19.7.4 A build script for figures

When a document contains many generated figures, a Makefile target or dedicated build script manages generation:

# figures.mk - include in main Makefile
FIGURES_DIR := figures
DOT_SOURCES := $(wildcard $(FIGURES_DIR)/*.dot)
DOT_SVGS    := $(DOT_SOURCES:.dot=.svg)
DOT_PDFS    := $(DOT_SOURCES:.dot=.pdf)

TIKZ_SOURCES := $(wildcard $(FIGURES_DIR)/*.tex)
TIKZ_PDFS    := $(TIKZ_SOURCES:.tex=.pdf)
TIKZ_SVGS    := $(TIKZ_SOURCES:.tex=.svg)

.PHONY: figures figures-clean

figures: $(DOT_SVGS) $(DOT_PDFS) $(TIKZ_PDFS) $(TIKZ_SVGS)

$(FIGURES_DIR)/%.svg: $(FIGURES_DIR)/%.dot
    dot -Tsvg $< -o $@

$(FIGURES_DIR)/%.pdf: $(FIGURES_DIR)/%.dot
    dot -Tpdf $< -o $@

$(FIGURES_DIR)/%.pdf: $(FIGURES_DIR)/%.tex
    cd $(FIGURES_DIR) && \
      pdflatex -interaction=nonstopmode $(notdir $<) >/dev/null 2>&1

$(FIGURES_DIR)/%.svg: $(FIGURES_DIR)/%.pdf
    pdftocairo -svg $< $@

figures-clean:
    rm -f $(DOT_SVGS) $(DOT_PDFS) $(TIKZ_PDFS) $(TIKZ_SVGS)

Including this in the main Makefile with include figures.mk and adding figures as a prerequisite of the main build targets ensures figures are always up to date.


Part III ends here.
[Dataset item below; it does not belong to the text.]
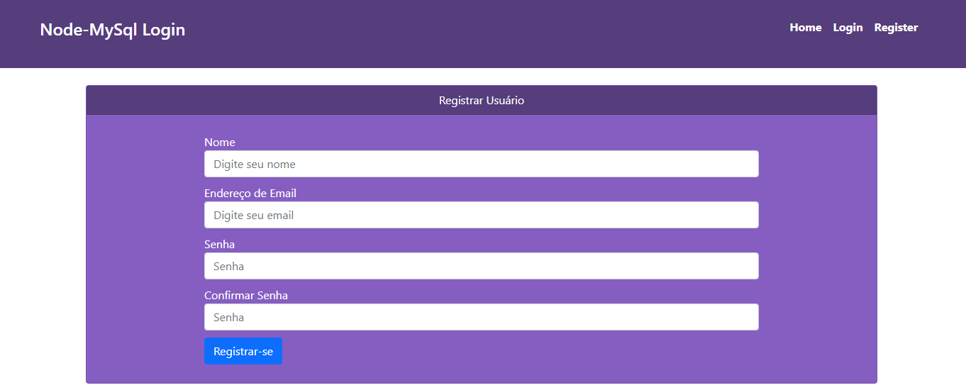 CURSO: Tecnologia em Análise e Desenvolvimento de Sistemas DISCIPLINA: Programação para Web Profa. Me. Janaine C. S. Arantes Prova 02 Fazer a seguinte aplicação em Node, com a utilização de Banco de Dados o MySql. DB MySQL Tela de Inicio tela de login Tela de Cadastro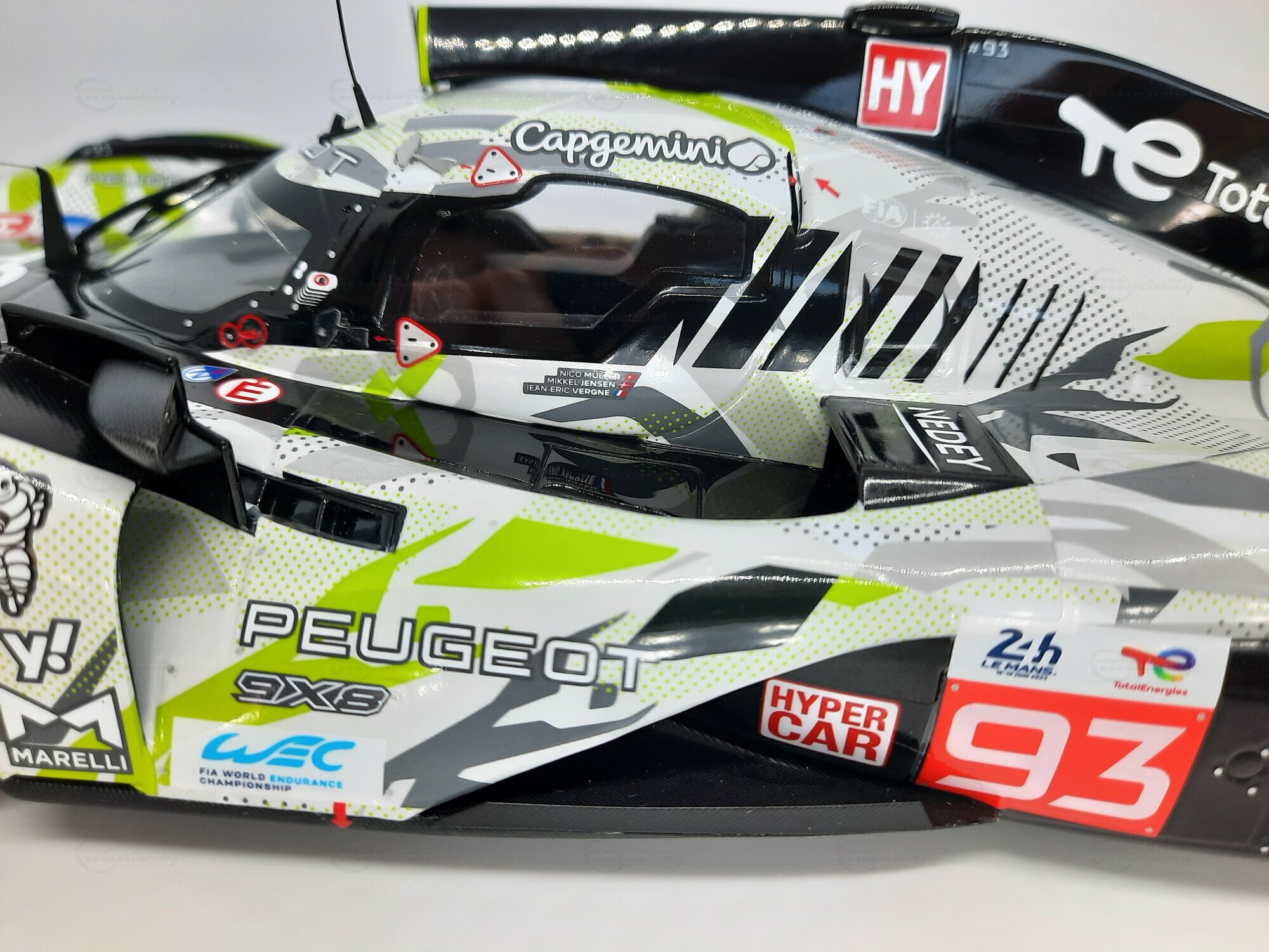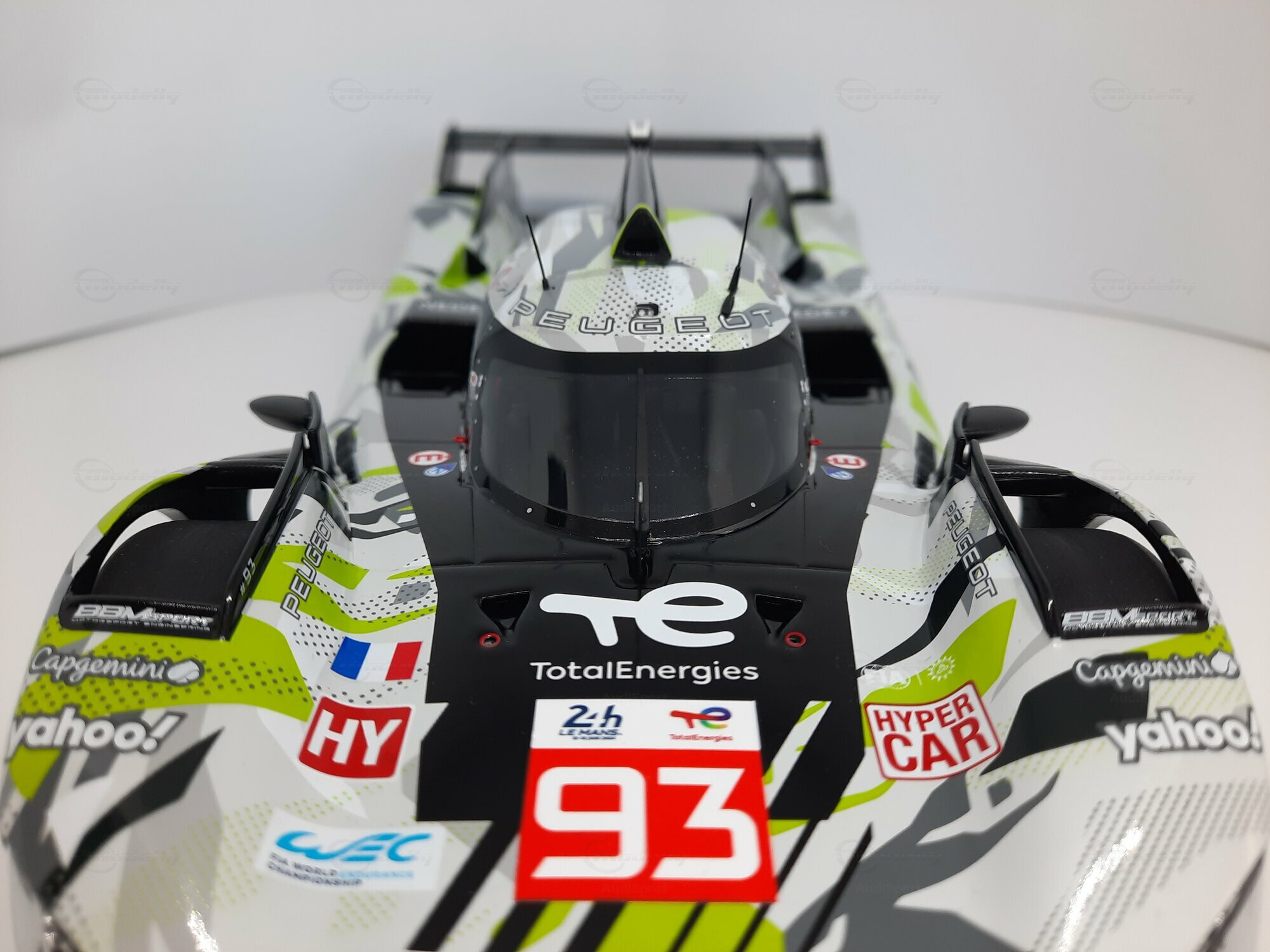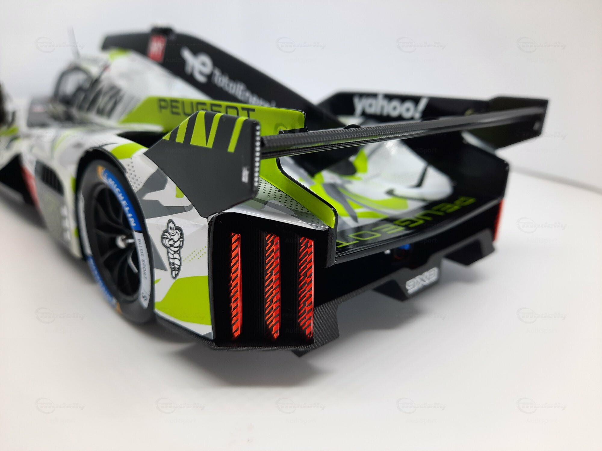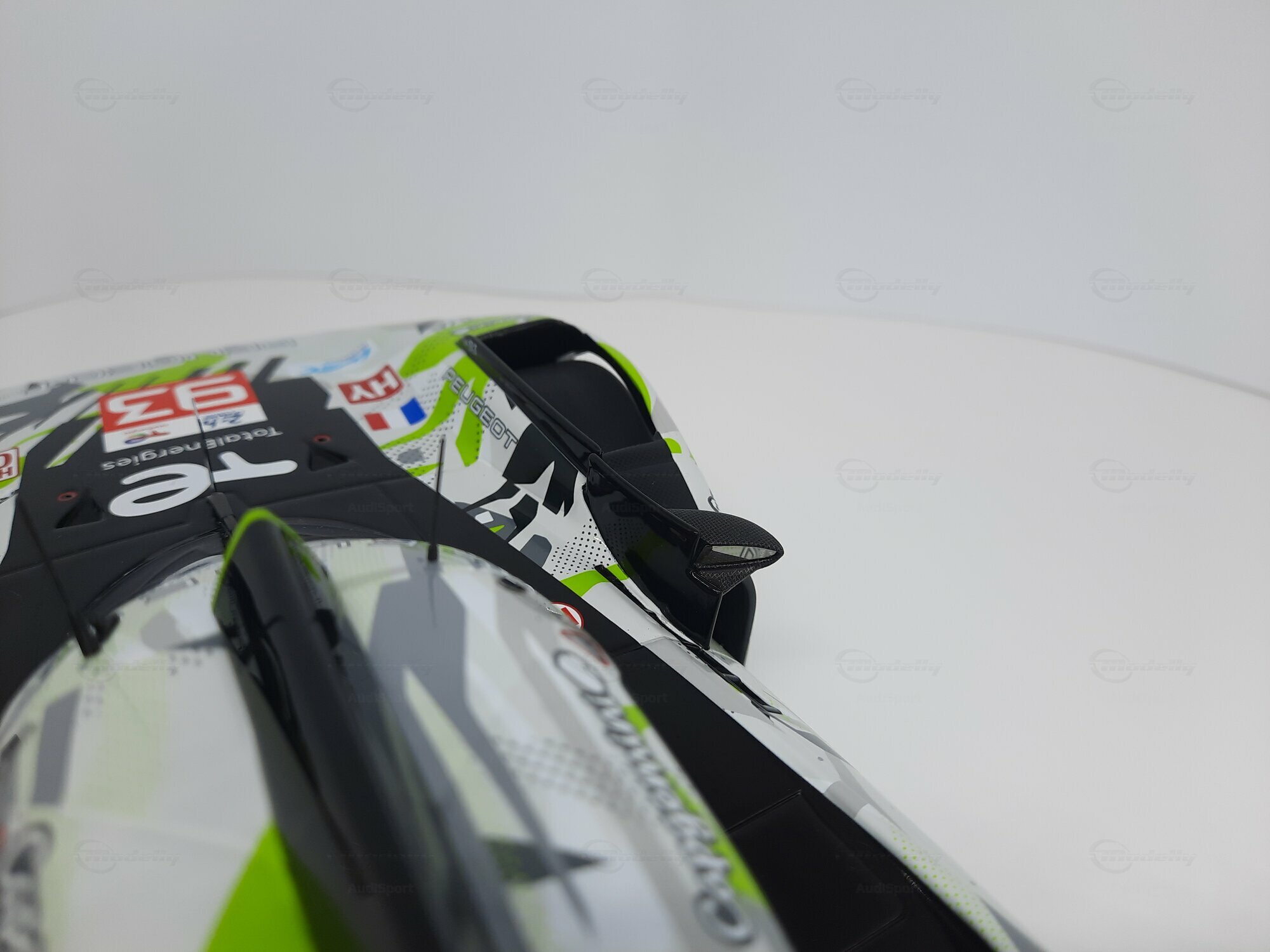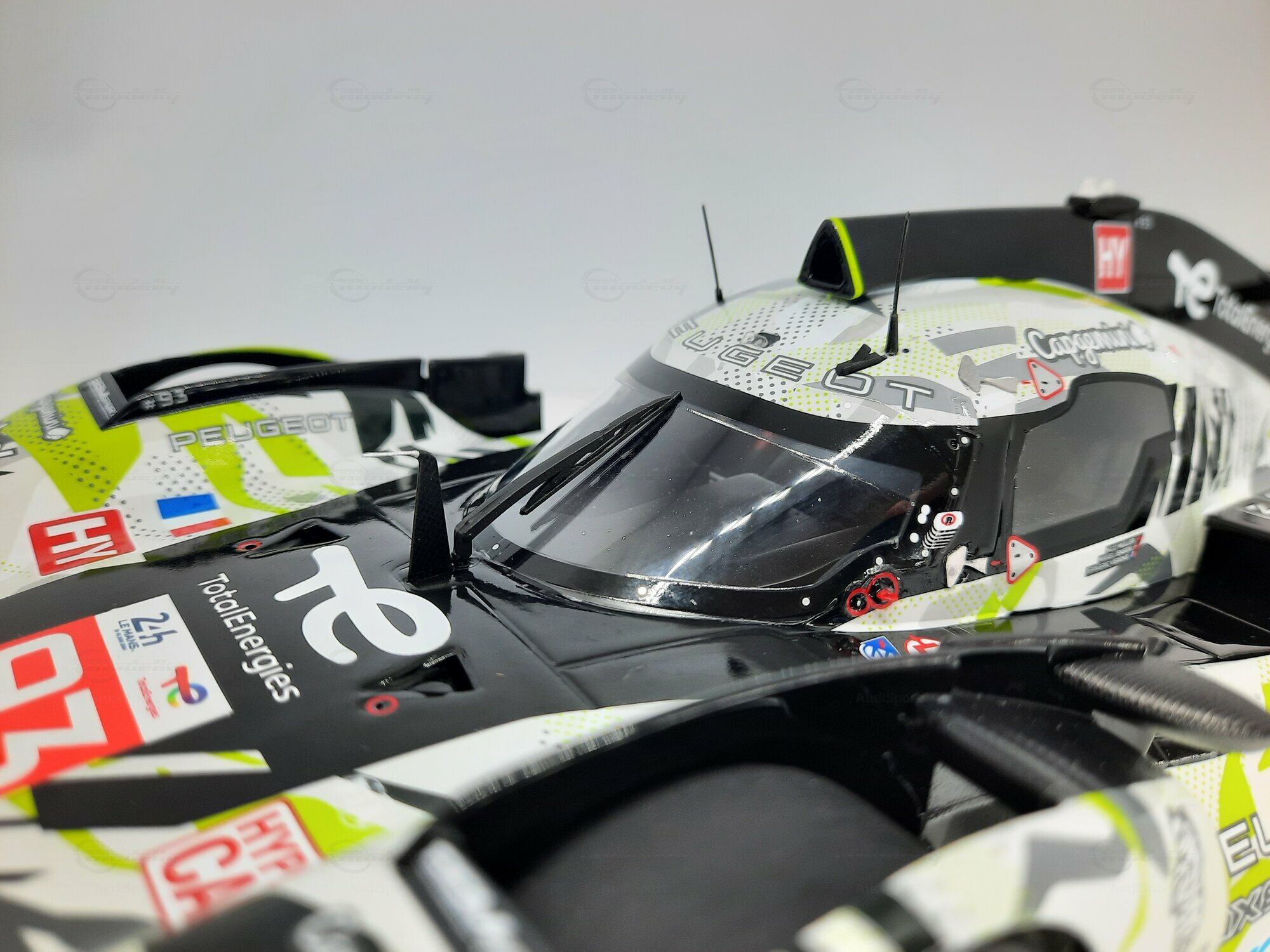 The model shown here is a 1/18 scale piece from SPARK and is part of the collection of the Modelly member “AudiSport”. The miniature recreates the Peugeot 9X8 very accurately: the front with its deep splitter, the angular light signature and the small aero fins are cleanly reproduced. The visible material mix — a combination of resin, plastic and finely applied photo‑etched parts — gives crisp edges, sharp air intakes and a realistic carbon weave on the lip and diffuser. The wheels match the real car with a central lock; the tyre shoulders show the blue Michelin markings and compound identification. The paint follows the known launch/WEC design: grey and white panels with dot‑fade patterns broken up by bright lime accents. Logos from Yahoo!, Capgemini, TotalEnergies and Marelli are clearly legible; the number 93 and the “Hypercar” graphics sit on the sidepod. Even the tiny antennas, roof air intake and side fin structure are well done. This 1/18 model from SPARK captures the character of the Peugeot 9X8 and — thanks to SPARK’s usual material mix — is sturdy enough for a display case while detailed enough for close‑ups.

We have surveyed all the major CLI typesetting tools — LaTeX, Typst, Quarto, Emacs and Org Mode, groff, and the diagram tools that complement them all. Part IV now turns from tools to documents: a gallery of real examples, each built from scratch using the tools and techniques developed in Parts I through III.